The records ::
━━━━━━━━━━━━━━━━

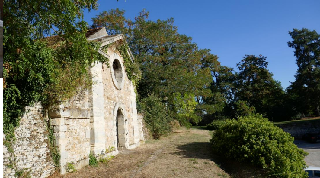
Bassin de Picardie
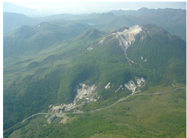
図 2 ニセコ イワオヌプリ山頂付近の状況 (2008 年 6 月 18 日 図 1 の①方向上空より撮影)
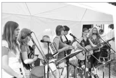
Skupina Vánek na festivalu v roce 2012

21. června v odpoledních hodinách na náměstí Trčků z Lípy Evropský svátek hudby 2013 13. ročník hudební slavnosti ve Světlé n. S.
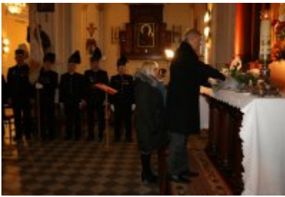
• Barbórkowe msze święte
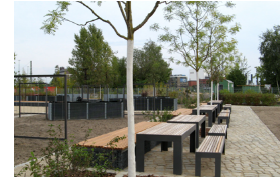
4 Der Stadtgarten Moabit wurde 2007 bis 2012 zu einer vielfältig nutzbaren Grünanlage umgebaut.

━━━━━━━━━━━━━━━━

Work instruction :: Write out the lines beginning at the line with "Barbórkowe msze święte" and ending at the last line of the entries. Include no pictures.

Response area ::
• Barbórkowe msze święte
4 Der Stadtgarten Moabit wurde 2007 bis 2012 zu einer vielfältig nutzbaren Grünanlage umgebaut.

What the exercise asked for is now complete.